Mistakes continued to haunt the teams throughout their 4-minute free programs

Team GB had a strong showing in the free skate, with a beautiful side-by-side triple toeloop, and a clean triple twist despite errors on the throw triple loop and double axel sequence.

Mistakes continued to haunt the teams throughout their 4-minute free programs. Conti and Macii, skating to popular Italian songs that got loud approval from the home crowd, received negative marks after stepping out of their jump sequence and both throws, but seemed happy with their performance, and the opportunity to represent their country on home ice.

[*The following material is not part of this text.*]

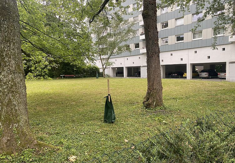 Mit Bewässerungsbeuteln bleibt das Wasser auf der Baumscheibe

Team USA’s Ellie Kam and Danny O’Shea unfortunately weren’t as happy, after falling on nearly every element in the opening half of their program, but got positive marks on their spins and lifts.

Similarly, Germany’s Hase and Volodin had mistakes on their elements, shaky on several of their lifts and throws, knocking them down from first place after the short to third place overall.

Both the skaters and their entire coaching team dissolved into tears of joy when the results revealed they had won the gold

The other medal hopefuls had a better time.

Georgia’s Metelkina and Berulava delivered the medal their country had been hoping for, coming in second place with a mostly clean and artistic program.

Kihara and Miura from Japan needed the skate of their lives to get back into the medal positions after the heartbreak of their short program, and they certainly delivered. Their perfect program, skated to music from ‘Gladiator,’ was textbook, and had artistry scores through the roof. It was so well done that they received a standing ovation from the crowd, and both the skaters and their entire coaching team dissolved into tears of joy when the results revealed they had won the gold.

Like all of the other skating disciplines at this year’s Winter Olympics, the podium athletes showed incredible sportsmanship, with all of them immediately congratulating each other and seeming genuinely pleased for their rivals’ successes.